While MetalSCAN and ChipCHECK are already key innovations towards achieving these targets, Gastops has obtained funding from the forward-looking Innovation for Defence Excellence and Security (IDEaS) program to push its latest revolutionary Oil Condition and Contamination Monitoring (OCCM) concept from Technology Readiness Level-3 to TRL-7.

The rationale behind OCCM is simple – Abnormal equipment wear or failures usually occur due to lubrication issues. Checking oil condition usually involves a time-consuming process of sending samples off to a lab, again involving costs and potential downtime. Using fluorescence spectroscopy, the Gastops concept technology can quickly measure critical factors of degradation of anti-oxidants (additives), the presence of fuel dilution, and coolant/water contamination and can do so in real time and on-site.

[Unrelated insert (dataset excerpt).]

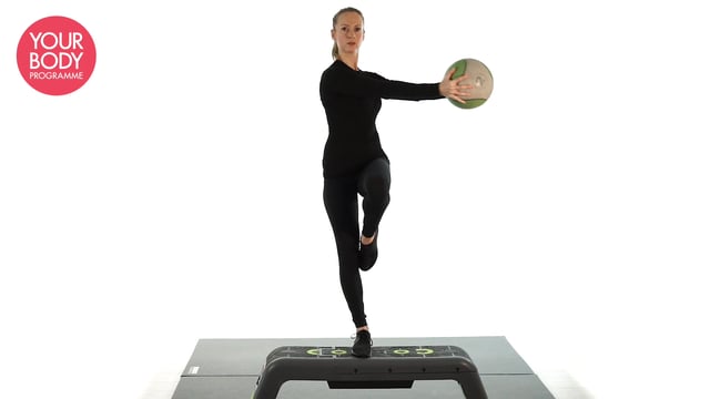 Stand with 1 foot placed on top of a box or bench and hold a medicine to your chest. Step up and extend the arms in front of you at chest height. Rotate the torso taking the ball across the raised leg, return to centre and lower. Continue with the same leg.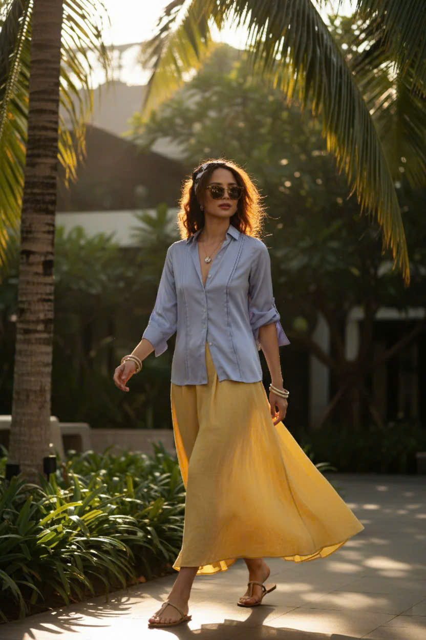 Nghệ nhân cắt may: Local Made Trong nhịp sống hiện đại, vẻ đẹp đích thực không nằm ở sự cầu kỳ, mà ở sự tự tại và thanh lịch không cố gắng (effortless elegance). Chiếc Áo sơ mi sinh ra để tôn vinh tinh thần ấy. Hãy tưởng tượng bạn đang sải bước trên hiên resort, dưới tán lá cọ xanh mướt, ánh hoàng hôn vàng óng ươm lên làn da và chất vải nhẹ nhàng màu xanh da trời thanh cao. Chiếc áo Thanh Lâm nhẹ nhàng bay lượn theo từng cơn gió nhiệt đới, mang đến cảm giác thư thái tuyệt đối. Chiếc áo sơ mi này là sự kết hợp hoàn hảo giữa phom dáng công sở truyền thống và chất liệu lụa cao cấp:

“We understand the obstacles our clients face in terms of scarcity of maintenance resources and increasing levels of maintenance required to ensure mission readiness of assets, whether aircraft or ships. We think OCCM can be a game changer in terms of how things are maintained and promote availability of equipment while also reducing the burden on maintenance resources”Brennan told CDR.

The MetalSCAN product is about the size of a computer mouse


Brennan West says the firm is now working with partners on the OCCM technology to achieve TRL-9 and to create new form factors for MetalSCAN to enable even simpler installation. The company is eager to bring their aviation proven solutions to the naval marine and land vehicle space.

West says while continual improvements are being developed with MetalSCAN, ChipCHECK and OCCM, they are working on broadening their solution portfolio with partners under an ITB (Industrial and Technological Benefits) agreement on advanced engine diagnostics using Gas Turbine performance data.

Using data from aircraft engines for ‘near real time’ evaluation of the health of those engines help to identify work scopes required to restore engines to proper operation. Through creation of an accurate simulation of an engine, data from an actual engine operation is collected and compared to the simulation enabling identification of the degradation modes present in the engine and establish maintenance needs to rectify the issues that are present.

West also told CDR, “We’re developing and producing innovative equipment health management solutions. MetalSCAN, ChipCHECK, and OCCM all look at the oil wetted side of an engine, and the physics-based, data-informed modelling approach looks at the gas-path side of an engine. So not only can we evaluate the health and condition of oil wetted components, but we can also evaluate the health of components in the gas path; seal and blade tip clearances, surface coatings, flow path geometries isolate a given module within a gas turbine engine which is degrading performance and what maintenance is needed to rectify the issue”.

He notes that while this innovative technology is primarily developed with aerospace in mind, it can also be applied to marine and land gas turbine engines. West adds that it is an exciting time to be a part of the Gastops team, as the company’s solution portfolio grows, partnerships within the naval marine and land vehicle markets expand, and end users continue to recognize the material availability gains that can achieved through use of Gastops CBM technologies.